December 2009, Philadelphia, PA–Locks Gallery is pleased to present an exhibition of a new series of paintings by Diane Burko, titled Politics of Snow. This is the artist’s tenth solo exhibition at the gallery. Politics of Snow will be on view February 5 through March 13, 2010. There will be a reception for the artist on Friday, February 5th, from 5:30 to 7:30 pm. A fully illustrated catalog with an essay by Ian Berry will be available.
Like the painters of the Hudson River School associated with the sublime landscape, Burko’s new paintings focus on epic views. Her new subjects are glaciers and remote peaks in Alaska, Montana and the Alps. In Politics of Snow, Burko has shifted away from the quasi-naturalistic palette of the previous decade. Working from small black-and-white archival photographs, she introduces liberal interpretations via a monumentalizing scale and an imaginative color palette, including exposure of the unpainted canvas as its own color and ground.

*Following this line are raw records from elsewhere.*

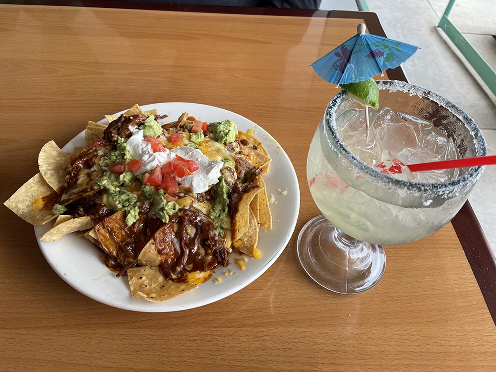 My second favorite is the nachos at Maria’s Mexican Restaurant (28643 S. Western Ave.). Maria’s Nachos Supreme is made with large corn tortillas topped with beans, shredded beef in a red sauce, cheese, guacamole, sour cream, and tomatoes. Jalapeños are also available by request; sadly, I often forget to ask for them. I particularly like the shredded beef because it elevates the taste of the nachos. Pair it with their original lime margarita with a slice of lime for a very satisfying combination. spt
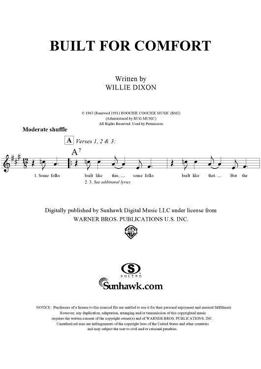 Digital Sheet Music for Built for Comfort by Willie Dixon scored for Lead Sheet; id:290835
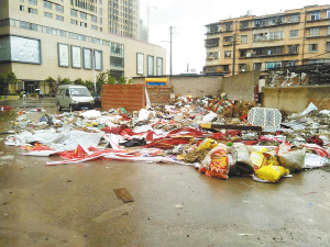 幾位小區業主介紹,這些建筑垃圾堆放已經有些日子了。垃圾房一直是鑫都韻城物業負責管理,但物業說只負責生活垃圾清理。這些建筑垃圾不清楚是怎么來的,這兩天時而下雨時而大太陽,垃圾房前面的稀泥里散發出濃烈的臭味。
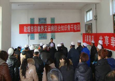 为进一步推动敦煌市艾滋病宣传教育工作,大力提升宗教界人士和信教群众预防艾滋病的自觉性,在第26个“世界艾滋病日”来临之际,敦煌市艾滋病综合防治示范区工作办公室联合市民族宗教局、伊斯兰教协会,于11月29日,在敦煌市清真寺举办了一场“行动起来 向‘零’艾滋迈进”艾滋病防治宣传服务活动。
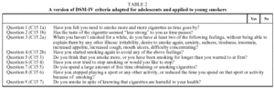 Given the lack of studies that quantify nicotine dependence in young smokers under the DSM-IV criteria, we decided to evaluate the usefulness of a version with language adapted to be more comprehensible to adolescents (DSM-IVa) in the diagnosis of nicotine dependence. We also aimed to assess nicotine dependence in young smokers using this criteria and to specify the most important items with which to evaluate this dependence in students.
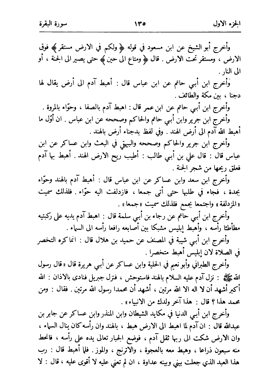 وَأخرج ابْن أبي حَاتِم عَن ابْن عمر قَالَ: اهبط آدم بالصفا وحوّاء بالمروة
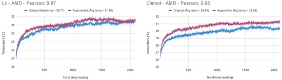 First, the original method was reproduced on our three systems. The results can be seen in Figure 4, Figure 5 and Figure 6, where blue is the original command and pink the augmented one. It can be seen that the original command has a lower temperature than the augmented one, meaning that the addition in the code consumes more power, dissipating more heat. The Pearson correlation index, over 0.9, shows that the original and the augmented commands have very similar patterns.
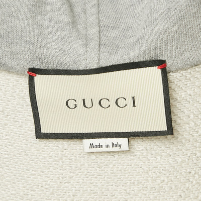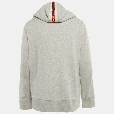 Gucci redefines casual wear with this grey cotton zip up hoodie trimmed in the GG band motif. The soft fabric and clean cut keep it easy while the signature detailing injects instant recognition. Layer it over a crisp tee and dark jeans for off duty luxury.
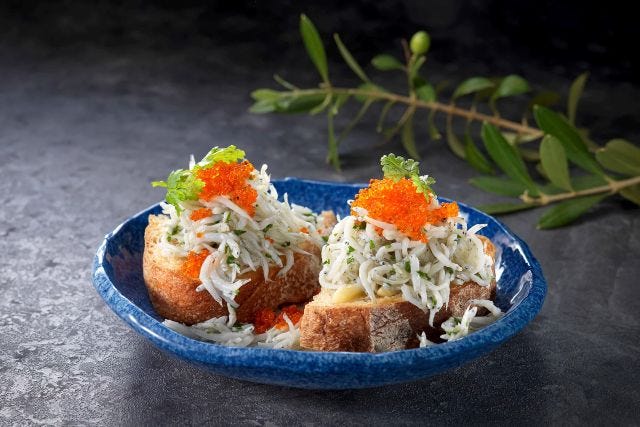「岸和田漁港の釜揚げしらすのこぼれブルスケッタ」 噛むほどにうまみが広がるカンパーニュに、こぼれんばかりの釜揚げしらすと、プチプチ食感が楽しいとびっこをトッピング。お酒が進むひと皿です。

Created at a time of worldwide concern about the global environment, Burko’s new paintings are a powerful eye-opener. By pairing her images so that a contemporary view is combined with the same view from 10 to 100 years ago, the effects of climate change are immediately apparent.
Like the experience of earlier sublime landscape paintings, the contemporary viewer is invited to take in the complete sweep of the monumental landscape. But the contemporary view poses a new challenge - will these glaciers and icecaps disappear?
Diane Burko has repeatedly approached painting with a naturalist’s zeal to seek out rare phenomena - whether through an early series of the Grand Canyon or her recent survey of volcanoes. The artist’s painting trips to remote locations have been documented in print and video, including on the Discovery Channel.
Burko will also be exhibiting photographs in a third floor exhibition titled, Imprints in the the Landscape. These images taken between 2007 and 2009 of the ice-covered ground of Pennsylvania and the sands of the South Dakota Badlands, draw the viewers’ attention to the imprints in the ground - both concrete and ephemeral - and strike a balance between abstraction and representation. This exhibition runs concurrent with the city-wide festival celebrating print in contemporary art, Philigrafika 2010.
Burko graduated from Skidmore College and received her MFA from the University of Pennsylvania. The artist has exhibited throughout the U.S. and has had recent solo museum exhibits at the Tang Museum, Tufts University Art Gallery and the James A. Michener Art Museum. She had a distinguished teaching career for twenty-five years. The artist’s work is in many museums including the Art Institute of Chicago, Delaware Art Museum, the Pennsylvania Academy of the Fine Arts, the Philadelphia Museum of Art and Woodmere Art Museum.